Recorded data:
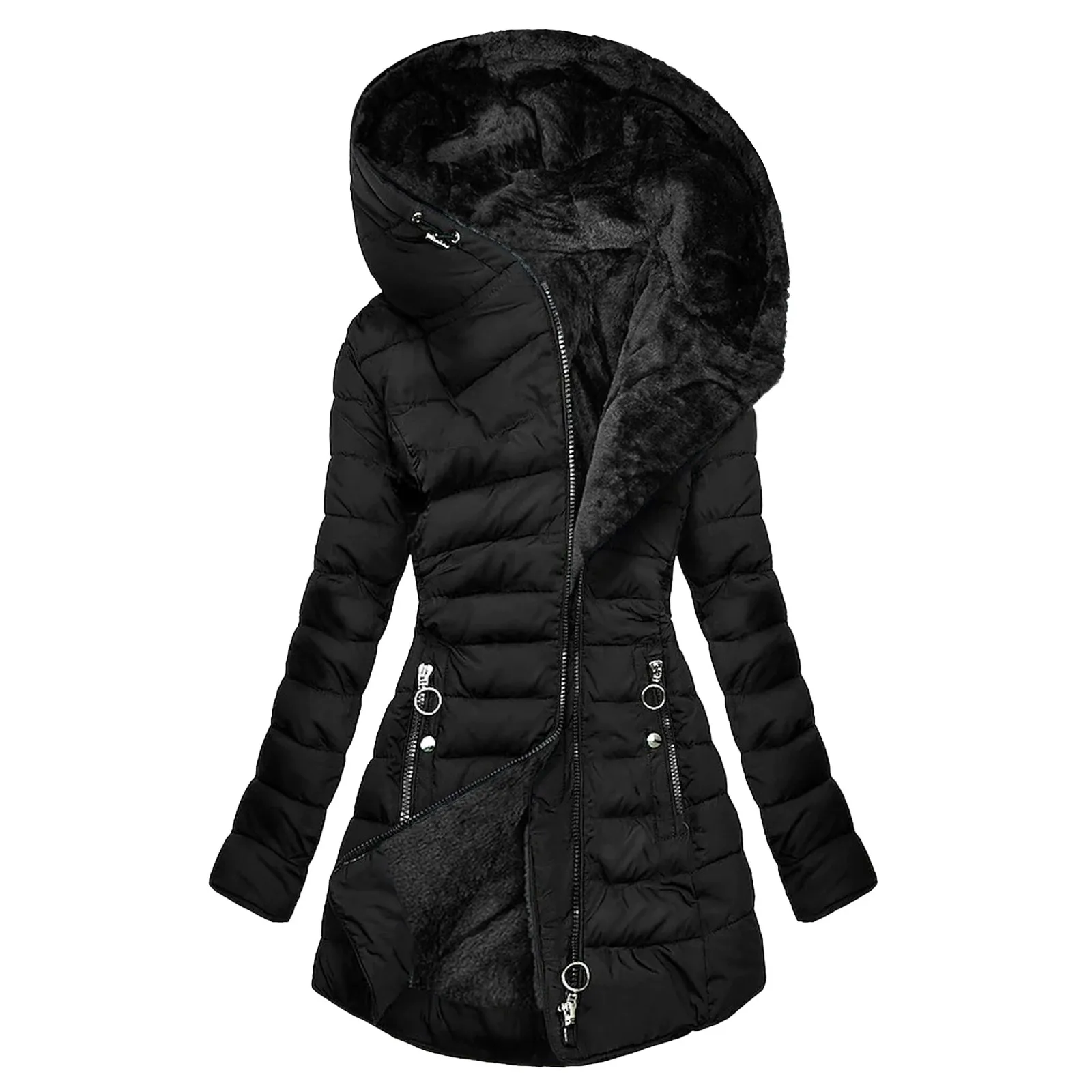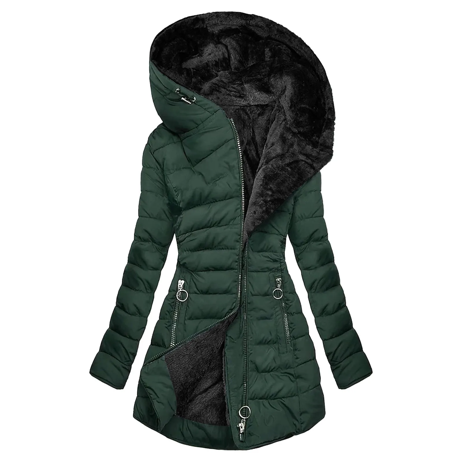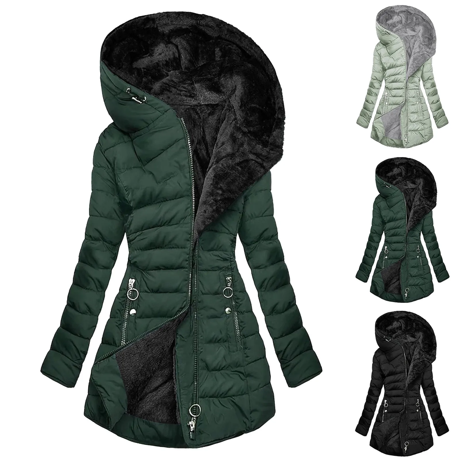 Women Attumn Winter Solid Plush Composite Zipper Long Sleeve Jacket Pocket Outerwear Coat
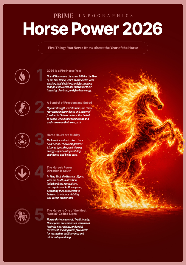 The Fire Horse doesn’t wait — and neither does the energy of this year. For those willing to move with it, 2026 offers opportunities to step forward, be seen, and build meaningful progress. PRIME
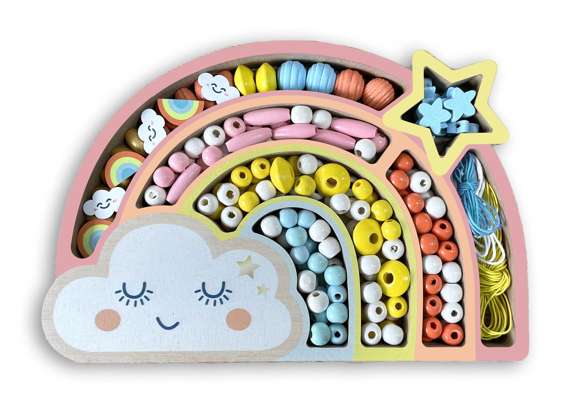 Un coffret original en forme d'arc en ciel contenant de jolies perles aux couleurs pastels pour créer de magnifiques bijoux : colliers, bracelets...Livré avec 3 mètres de fil, 180 perles, 1 sac de rangement dans un joli coffret qui sert aussi de plateau à bijoux.
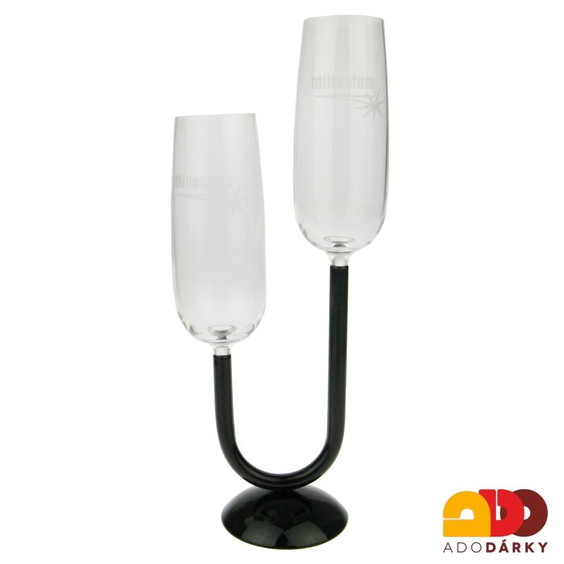 Netradiční sada dvou sklenic na šampaňské, bez stopek. Skleničky jsou uchyceny ve speciálním kovovém držáku a proto je nelze jen tak odložit. Vtipná situace na dosah ruky.
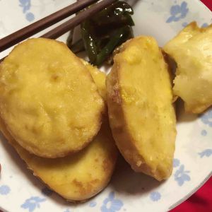 将切好的馒头片放入搅拌好的鸡蛋液中,均匀覆盖馒头片,放入沸腾的油中炸至微黄,翻两次馒头片,根据自己口感,喜欢软的口感少炸一会,喜欢酥脆的多炸一会,出锅就可以享用啦。
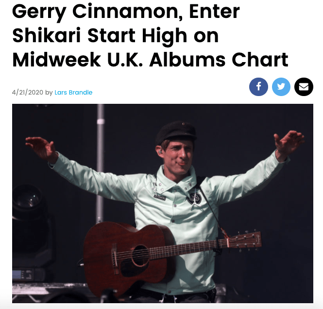 Billboard: Gerry Cinnamon UK No. 1 Album Posted by reneepublicityplease on May 9, 2020October 1, 2020 https://www.billboard.com/articles/news/9362335/gerry-cinnamon-enter-shikari-midweek-u-k-albums-chart?utm_source=facebook&utm_medium=social&fbclid=IwAR3jMR_Qx1i-7wLxA6Gf4Ohffd2L1Pf-SDSUcBBIKbLJpfhTiHb_BR2MAzE https://www.billboard.com/articles/news/9362335/gerry-cinnamon-enter-shikari-midweek-u-k-albums-chart?utm_source=facebook&utm_medium=social&fbclid=IwAR3jMR_Qx1i-7wLxA6Gf4Ohffd2L1Pf-SDSUcBBIKbLJpfhTiHb_BR2MAzE Share this: Click to share on X (Opens in new window) X Click to share on Facebook (Opens in new window) Facebook Like Loading... Related
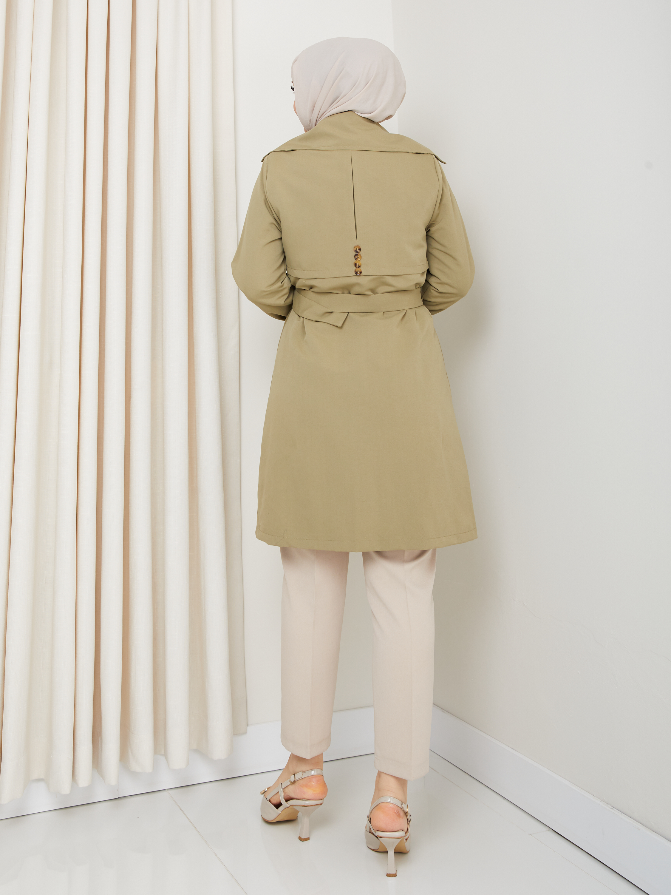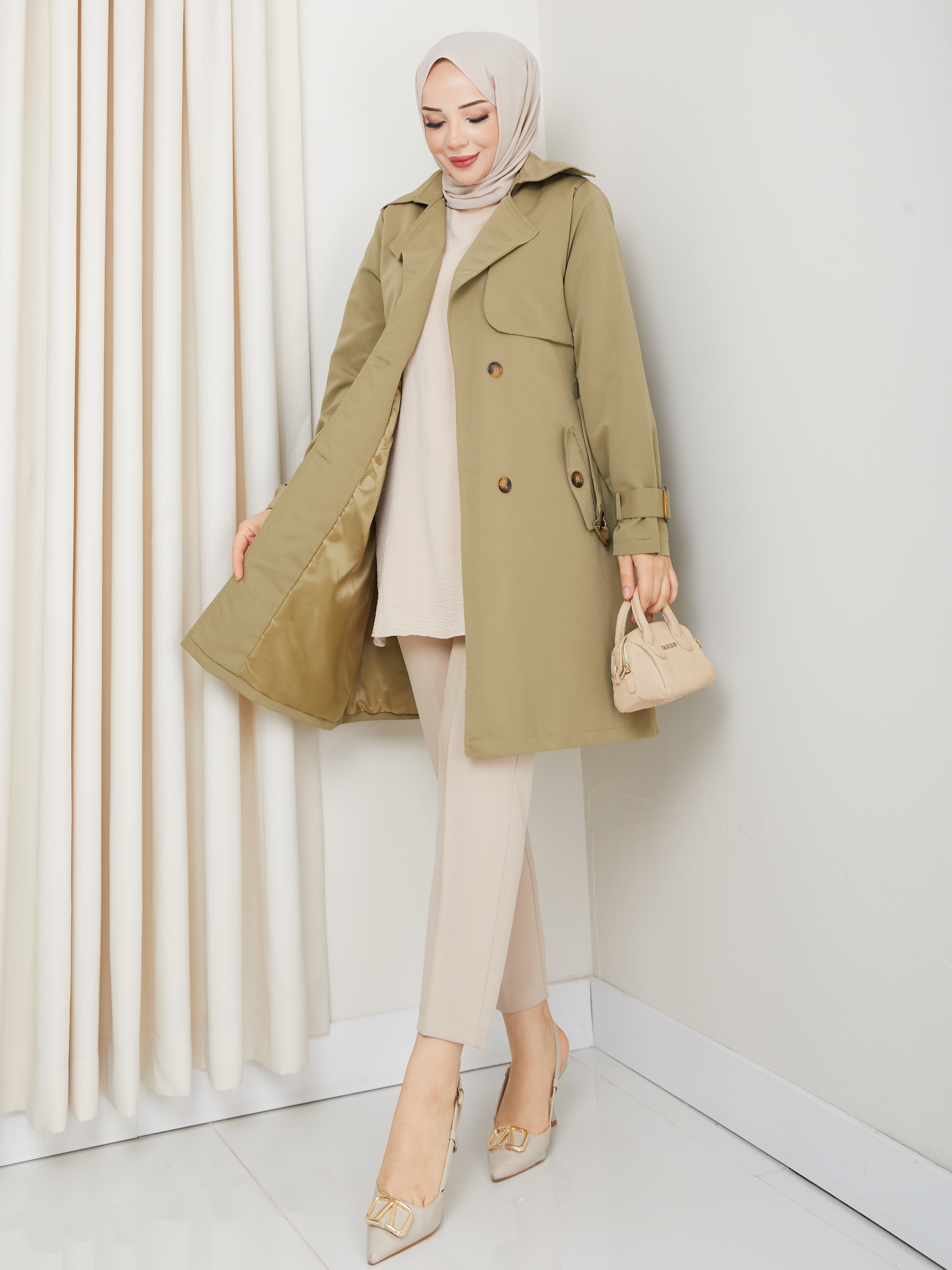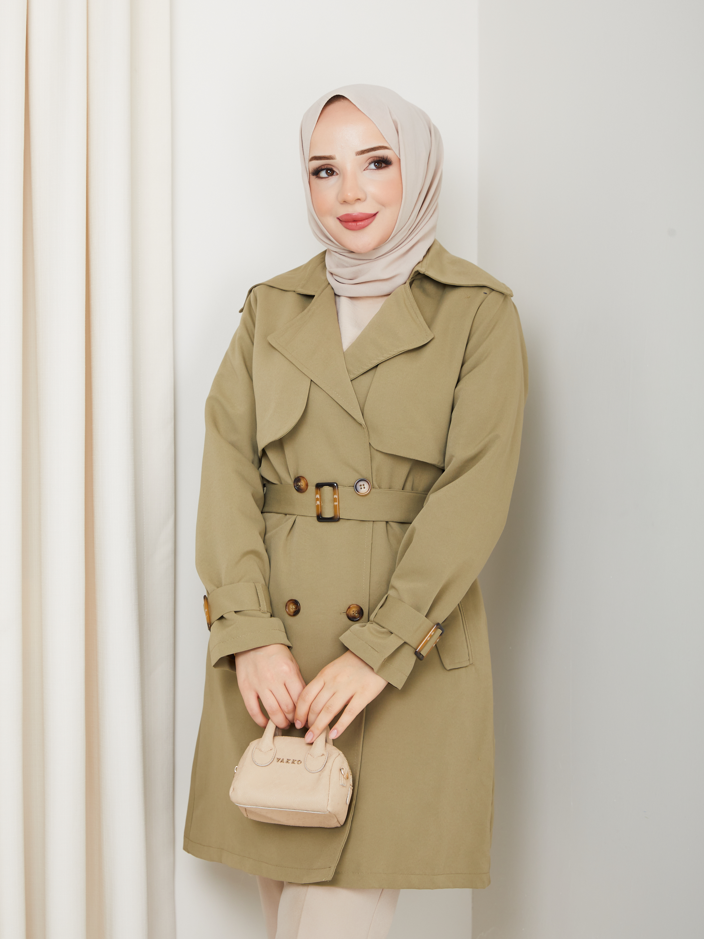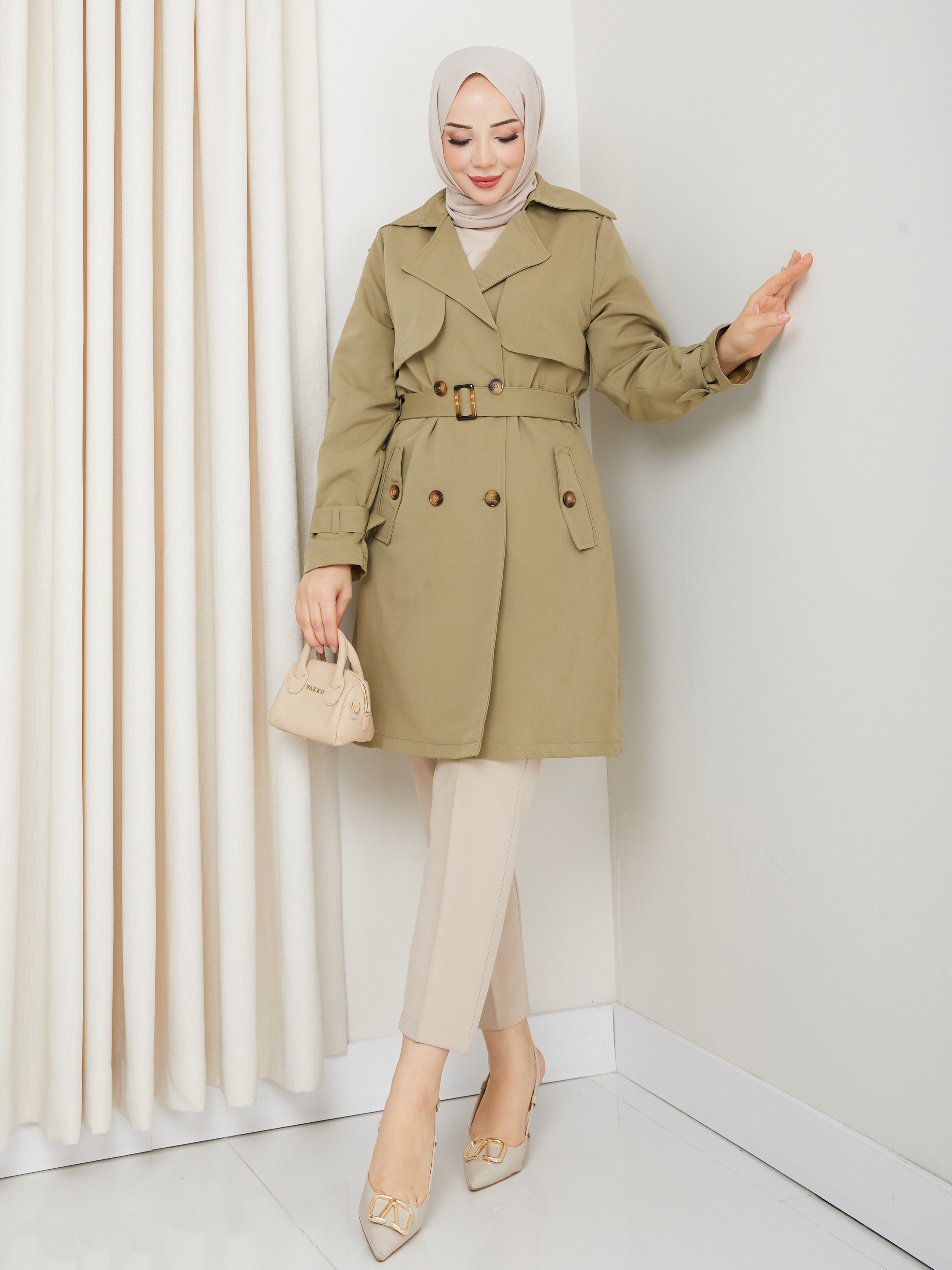 Kruvaze Yaka Su Geçirmez Astarlı Kadın Trençkot RC3089

**Task details**
The expected result is the data above in exact form, free of pictures.

**Answer for the task**
 Women Attumn Winter Solid Plush Composite Zipper Long Sleeve Jacket Pocket Outerwear Coat
 The Fire Horse doesn’t wait — and neither does the energy of this year. For those willing to move with it, 2026 offers opportunities to step forward, be seen, and build meaningful progress. PRIME
 Un coffret original en forme d'arc en ciel contenant de jolies perles aux couleurs pastels pour créer de magnifiques bijoux : colliers, bracelets...Livré avec 3 mètres de fil, 180 perles, 1 sac de rangement dans un joli coffret qui sert aussi de plateau à bijoux.
 Netradiční sada dvou sklenic na šampaňské, bez stopek. Skleničky jsou uchyceny ve speciálním kovovém držáku a proto je nelze jen tak odložit. Vtipná situace na dosah ruky.
 将切好的馒头片放入搅拌好的鸡蛋液中,均匀覆盖馒头片,放入沸腾的油中炸至微黄,翻两次馒头片,根据自己口感,喜欢软的口感少炸一会,喜欢酥脆的多炸一会,出锅就可以享用啦。
 Billboard: Gerry Cinnamon UK No. 1 Album Posted by reneepublicityplease on May 9, 2020October 1, 2020 https://www.billboard.com/articles/news/9362335/gerry-cinnamon-enter-shikari-midweek-u-k-albums-chart?utm_source=facebook&utm_medium=social&fbclid=IwAR3jMR_Qx1i-7wLxA6Gf4Ohffd2L1Pf-SDSUcBBIKbLJpfhTiHb_BR2MAzE https://www.billboard.com/articles/news/9362335/gerry-cinnamon-enter-shikari-midweek-u-k-albums-chart?utm_source=facebook&utm_medium=social&fbclid=IwAR3jMR_Qx1i-7wLxA6Gf4Ohffd2L1Pf-SDSUcBBIKbLJpfhTiHb_BR2MAzE Share this: Click to share on X (Opens in new window) X Click to share on Facebook (Opens in new window) Facebook Like Loading... Related
 Kruvaze Yaka Su Geçirmez Astarlı Kadın Trençkot RC3089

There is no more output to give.